Lynch, however, became best known for his academic career and his scholarly work on Welsh literary history. In 1985, he became a Research Fellow at the University of Wales Centre for Advanced Welsh and Celtic Studies in Aberystwyth (1985-1990), moved to Swansea to become lecturer in Welsh and in 1995 returned to his alma mater (Bangor), where he was also appointed as lecturer in Welsh. In 2003 he became head of the Welsh Department at Bangor (2003-2006), and in 2005 was appointed to a professor's chair.

His scholarly contributions have focused on medieval and early modern Welsh poetry, notably that of the Gogynfeirdd or Poets of the Princes. He assisted J. E. Caerwyn Williams in preparing an edition of Gogynfeirdd poetry, the first to be published for Cyfres Beirdd y Tywysogion ('The Poets of the Princes series'), and made further contributions to the series.
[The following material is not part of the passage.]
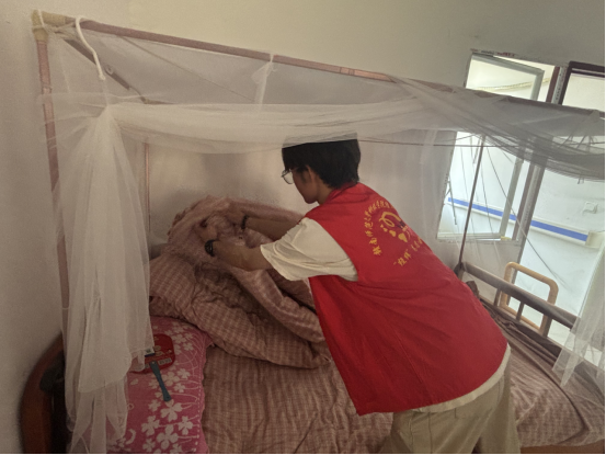 游戏后,实践团深入老人居室提供贴心服务:清洁地面、整理床铺、叠放被褥。打扫过程中,同学们一边劳动一边与老人亲切聊天,关切询问日常生活和身体状况。简单的房间整理,传递了真挚关怀,让老人们感受到温暖陪伴。
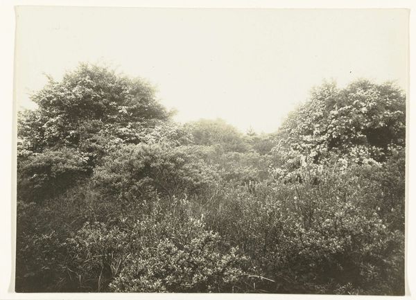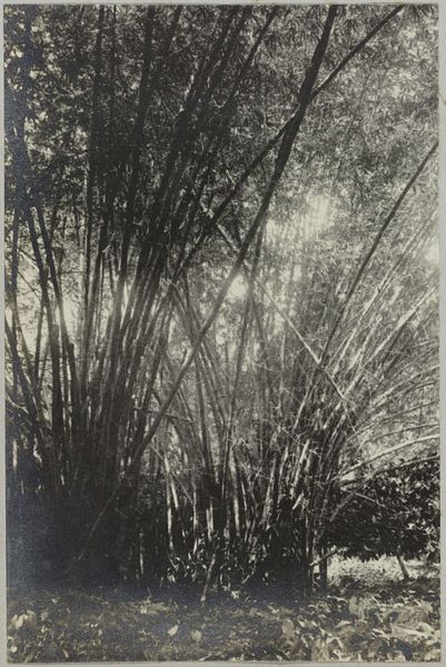 Editor: Here we have Hendrik Doijer's "Bamboe op Tourtonne," a photograph from the early 1900s. It depicts a dense cluster of bamboo. What I find striking is the play of light filtered through the leaves. What strikes you about it? Curator: As a materialist, I'm drawn to considering the act of photographing itself. Photography democratized representation, making images more accessible and challenging traditional artistic hierarchies. What impact might that accessibility have had? Editor: Well, maybe photography, in contrast to painting, made art more closely tied to production or the everyday… since images became more affordable and common. Curator: Exactly. Doijer's choice of subject - bamboo in a colonial context - is crucial. How does the mechanical reproduction of this "exotic" landscape factor into the economics and consumption patterns of the early 20th century? Editor: So it's not just about a pretty scene; it's also about the materials and social implications involved in its production and circulation as an image, something meant to be viewed in the West? Curator: Precisely! Consider the materiality of the photograph itself – the paper, the chemicals, the printing process, the labor involved in creating and distributing this image. Think of the market it fed. Does that shift your understanding of the work? Editor: Absolutely. It's much more than just a tranquil image. The photo is also a kind of manufactured object itself that played into broader material conditions of that era. It almost prompts us to think about things that were *not* photographed, like other commodities! Curator: Right. By examining the material conditions surrounding "Bamboe op Tourtonne," we gain a much richer understanding of the social forces at play in its creation and reception. Editor: Thanks; it definitely changes how I think about photography! I never considered its production, material, and social implications as crucial as the image itself.

On the topic of prophecy in Welsh poetry, he has both led a research project (2002-2005) and read a paper in the 2004 J. E. Caerwyn and Gwen Williams Memorial Lecture. He is one of the editors of the Welsh Academy Encyclopaedia of Wales.

In 2001, Lynch published Cywion Nell, a Welsh adaptation of Robert Barnard's 1981 novel Mother's Boys.

In 2016, Lynch was elected as a Fellow of the Learned Society of Wales.

==Selected works==
- Academic
- 1994. Ed., with J.E. Caerwyn Williams. Gwaith Meilyr Brydydd a'i Ddisgynyddion. Cyfres Beirdd y Tywysogion I. Cardiff: University of Wales Press.
- 2000. "Court Poetry, Power and Politics". In The Welsh King and his Court, ed. T.M. Charles–Edwards, et al. Cardiff: University of Wales Press. pp. 167–90.
- 2008. Ed. with John Davies, Nigel Jenkins and Menna Baines. The Welsh Academy Encyclopaedia of Wales. Cardiff: University of Wales Press. ISBN 978-0-7083-1953-6.
- 2007. Proffwydoliaeth a'r Syniad o Genedl. Bangor: University of Wales, Bangor. ISBN 978-1-84220-103-9

- Other
- 2001. Cywion Nell. ISBN 978-0-948469-71-8.